Grace O’Malley was a fierce, Irish pirate who fought for her people and sailed all the way around Great Britain and up the Thames to meet with Queen Elizabeth I in person. When they met, Grace convinced the Queen to revisit her policies and to turn against the English politician she had sent to conquer Grace’s territories. How did she do it?

Let yourself be transported to the stormy, west coast of Ireland and inside the life of one of the most inspiring pirates of all times.

Listen On:


Welcome to Good Night Stories for Rebel Girls, I’m ALISON MOSSHART. 
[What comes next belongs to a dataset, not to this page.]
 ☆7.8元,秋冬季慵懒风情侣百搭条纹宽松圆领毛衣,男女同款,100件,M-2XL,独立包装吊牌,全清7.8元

Before we start: this podcast is based on the New York Times best seller inspiring millions of  girls to dream bigger, aim higher and fight harder. Good Night Stories for Rebel Girls is an  illustrated children’s book about the life and adventures of a hundred heroic women from all  over the world.  

Go to rebel girls dot C-O and use the promo code REBELPODCAST to get 15% off your first  purchase. That’s rebel girls dot C-O, promo code REBELPODCAST. 

Now, for today’s story… 


Once upon a time there was a girl who lived in a stone castle near the sea. She was a pirate  and her name was Grace.  
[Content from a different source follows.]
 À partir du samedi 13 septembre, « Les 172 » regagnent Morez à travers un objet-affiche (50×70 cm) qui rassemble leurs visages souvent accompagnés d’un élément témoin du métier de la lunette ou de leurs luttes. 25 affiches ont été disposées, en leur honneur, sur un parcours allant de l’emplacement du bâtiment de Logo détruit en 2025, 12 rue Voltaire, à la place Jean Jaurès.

Grace was born around 1530. Her family lived in Clew Bay, a beautiful spot on the west coast of  Ireland that looked out onto the sea.  

The rocky coast surrounding the bay was really dangerous to navigate, but the O’Malleys were  a seafaring clan. For centuries the family’s ships had ruled those waters. They fished for  herring, cod, and salmon. They traded furs and hides from Ireland with merchants from Scotland  to Spain.  

And they were pirates.  

Whenever they crossed a boat, or whenever they saw a castle on the coast, the O’Malley ships  descended on them, and stole all they could before sailing away as fast as they’d come. No one  could pass their waters without paying the family a toll. 

The O’Malleys were a fearless and fearsome people. 

Grace’s father was the chief of their clan. He commanded the largest fleet of ships in Ireland.  Grace wanted nothing more than to learn the ways of the sea, as her ancestors had for  generations before her.  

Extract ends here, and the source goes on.